Огромные глаза. Ни жалости, ни страха. Схватила за руку… Отводит в маленькую комнату. Глохнут звуки. Никто не услышит. Шепчет что есть силы: “Папы больше нет. Он умер”. В тот миг, когда он слышит это, ему хочется улыбнуться. Хочется, чтобы мама поскорее превратилась в добрую, прежнюю… Но делает еще больней, так больно сжимает руку: “Запомни, папа очень сильно тебя любил!”. И судорожно-багровая гримаса ломает ее неприступное лицо; состарившееся, дряблое, оно морщится, отчаянно обиженное на весь мир, и сквозь зубы доносится только мычащий утробный стон… Через минуту принимает гордый вид. Спокойным, хоть и дрожащим голосом внятно произносит: “А сейчас мы уделим внимание гостям”.

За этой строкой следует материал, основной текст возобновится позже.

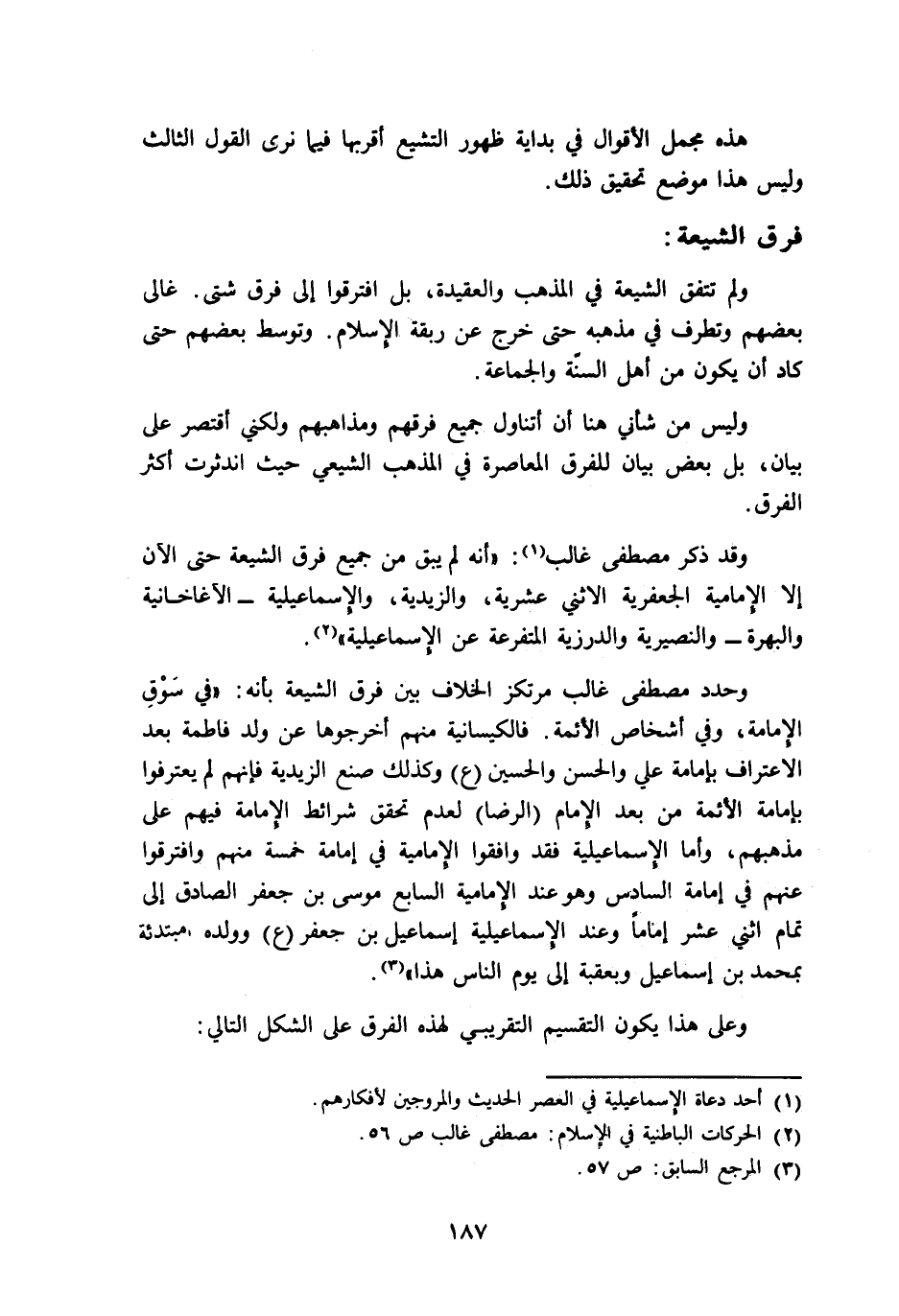 وقد ذكر مصطفى غالب1: "أنه لم يبق من جميع فرق الشيعة حتى الآن إلا الإمامية الجعفرية الاثنا عشرية، والزيدية، والإسماعيلية -الآغاخانية والبهرة- والنصيرية والدرزية المتفرعة عن الإسماعيلية"2.
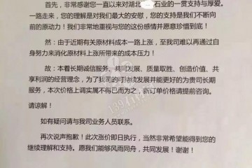 今日,麻城多家石材企業對外發布漲價通知,聲稱漲價是因為原材料一路上漲導致。▽調價通知致:尊敬的石材貿易老總及負責人:首先,非常感謝您一直以來對湖北xx石業的一貫支持與厚愛。一路走來,您的理解是對我們…

Мальчик напуган матерью, не понимая, в чем провинился. Посаженный за стол, чувствует себя наказанным, как если бы и сделано это было, чтобы выставить его на всеобщее обозрение. Мама может быть и такой — злой. Она причинила ему боль, когда схватила за руку и говорила с ним так, будто жалила словами. Мальчику хочется, чтобы его пожалели, он мог бы заплакать, но, рассерженный и жалкий, тужится, молчит, не желая признавать поражения. Он никому не нужен. Стоило это подумать — в душе проклюнулось что-то сиротское. Он тоже не будет никого любить. Тем временем мужчины за столом оказывают маме знаки внимания. Они как бы присваивают маму — а та безвольно подчиняется. Сын вдруг оскорбляется не за нее — за своего отца… Где же он? Почему мама запретила спрашивать об этом, хотя все люди, что собрались за столом, встают как дурачки и произносят о нем по очереди свои глупые речи, хотят их с мамой обмануть, чтобы думали, будто он уехал и больше не вернется домой. Маленький мученик завтра ничего не вспомнит, но вряд ли догадывается об этом, и родится заново: все забудет, всех простит, всему с появлением своим же на свет удивится… Уснуть, чтобы воскреснуть. Так суждено до тех пор, пока лишь сон пугает, кажется смертью. И есть только завтрашний день, и этот путь к нему, единственный. Прячешься под одеялом или караулишь, ощущая глубоко в груди биение, похожее на тиканье часов, глаза все равно сомкнутся, даже если очень долго терпеть — а миг, что подобен смерти, ничего не давая почувствовать, неуловим. Поэтому так одиноко засыпать в темноте. Стоит закрыть глаза, погружаешься в страшноватое странствие. Сам он не понимал, почему кончается небесный свет и зачем нужно взойти на вершину дня, чтобы тоже вдруг исчезнуть… Почему разлучается каждую ночь с жизнью, ее красками, звуками, ароматами… Знает, все люди ложатся спать, но ни с кем не встречался, когда блуждал в лабиринтах темноты… Но что-то заставляет смириться перед неизвестностью: закрыть глаза. Отдать все силы жизни: уснуть.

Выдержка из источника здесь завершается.